From skeptic to true believer: How OpenClaw changed my life (Lenny’s Podcast). This is the podcast on OpenClaw I listened to this weekend after the Karpathy episode. I think I understood the appeal of a proactive system that works independently from the start, but I haven't bought into the hype so far. However, I feel that these two podcasts together have started changing my mind—not because of a single capability, but because of the apparent emergent behavior that arises once a Claw has context about you and access to real tools. Agents, as we typically think of them, are reactive: you give them a task, and they execute what they are asked to do. But I now fully realize that Claws are persistent and have personalities of their own. They run in the background, build up memory over time, check in on a schedule, and start acting on your behalf without being prompted.
Claire Vo, who was apparently a big OpenClaw skeptic when it launched, now manages nine agents across multiple Mac Minis for both personal and professional use.
The first thing that stood out to me in this conversation is how well the onboarding is apparently done. Instead of structured forms and settings pages, your Claw just asks you who it is and who you are, and you figure it out together through conversation, as if you hired a new employee. The second thing I learned is how well-crafted the default behavior of the Claw appears to be. The Claw's behavior emerges from some simple markdown files ("soul document"), but the defaults are apparently surprisingly thoughtful and lead to a really pleasant behavior. It sounds like this is something anyone working in product right now should experience firsthand.
I'm now genuinely intrigued to try it myself. To really get the full experience, you clearly need to run it on a separate machine, both for security and because you don't want to think about whether your laptop is online. I should really try setting one up on my Raspberry Pi, or just buy a Mac Mini for it. The other thing I don't really have yet is a clear use case for a Claw. I wonder whether I should try to come up with one before getting started, or whether this is something you just have to go for, because the onboarding seems good enough that the use case will emerge during the setup process.
Andrej Karpathy on Code Agents, AutoResearch, and the Loopy Era of AI (No Priors Podcast). Andrej Karpathy is always worth listening to because he has the time to experiment and tinker with the latest developments in a way that most people working at companies don't. He effectively lives a few months in the future compared to the rest of us.
Two things stuck with me from this conversation. First, Karpathy frames Claws (from OpenClaw) as another layer of the AI stack: LLMs → Agents → Claws. I have never actually set up a Claw yet, but the persistent memory architecture and how "your Claw" gets to know you over time are things I want to experiment with, as this is directly relevant to what we're working on at Ren as the product becomes more agentic.
Second, his work on AutoResearch. We've discussed the concept internally at Ren multiple times over the past few months, but never found the time to actually try it. We have a concrete problem that would lend itself well to this approach: building a more efficient multi-label classifier. We currently use a relatively heavy model for it, we have abundant training data, and the objective is clear (maximize precision/recall/F1 for a given latency budget). We could just let an AutoResearch system loose on this task. What I'm missing is knowing how to set up a sandbox that's safe enough but has sufficient permissions for the agent to carry out the research on its own. The meta task would then be similar to Claws: build a system in a few markdown files that defines how the agent approaches and documents its research.
An Interview with Ben Thompson by John Collison on the Cheeky Pint Podcast. John Collison and Ben Thompson sketch out four levels of agentic commerce in this interview. I like that they start from the bottom up instead of jumping to the far end state.
- Reduce friction. Agents that fill out web forms on your behalf. You paste a product URL into ChatGPT and say "buy this for me."
- Contextual search. Natural language queries with real context: "I need a jacket for -10°C in the Alps" instead of guessing keywords.

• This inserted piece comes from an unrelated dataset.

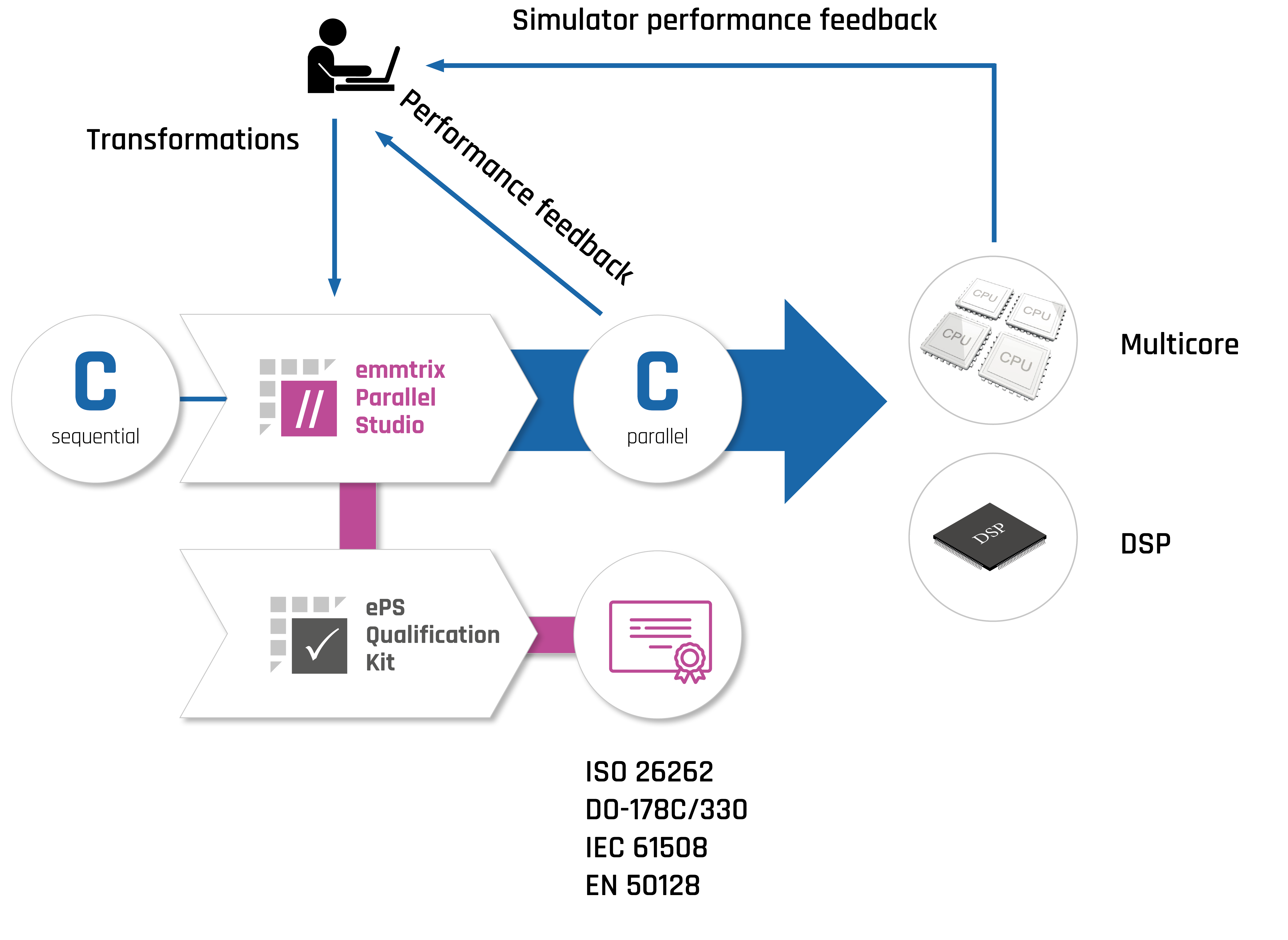 Use your existing C code as starting point for the parallelization in ePS. Together with ePS Qualification Kit the parallelization can be performed for applications with functional safety requirements like ISO 26262 or DO-178C.

- Persistent preference profile. A profile the agent builds over time from your pins, browsing history, or style boards.
- Proactive recommendations. Don't wait for the user to search: anticipate what they need and surface it at the right time. Thompson's point is that this already exists at scale. Zuckerberg called Meta's ad platform the most successful agent in the world.
Interesting to think about how these four levels apply to Ren and other AI products. At Ren, we started from the hardest end, level 4, with proactive recommendations.
One could arguably add a level 5: full autonomy. The agent doesn't just recommend, it acts. OpenClaw is the most visible example right now: a local AI agent that browses, buys, books, and executes on your behalf without waiting for approval at each step.
OpenClaw took the internet by storm last week. It's obviously a security nightmare, but its viral success confirms something I've believed for a while: most AI products today are fundamentally limited by requiring too much agency from their users.
There's real demand for AI that works for you, not just with you. A system that monitors, anticipates, and acts proactively instead of waiting for your next prompt.
At Ren Systems, we've been building exactly this kind of product: AI that works on behalf of the user and surfaces what matters before they ask for it. There's something almost magical when an AI system works this way.
Proactive AI is where the next value unlock lies. But building it in a way that's secure and compliant isn't something you can prompt out of Claude Code overnight.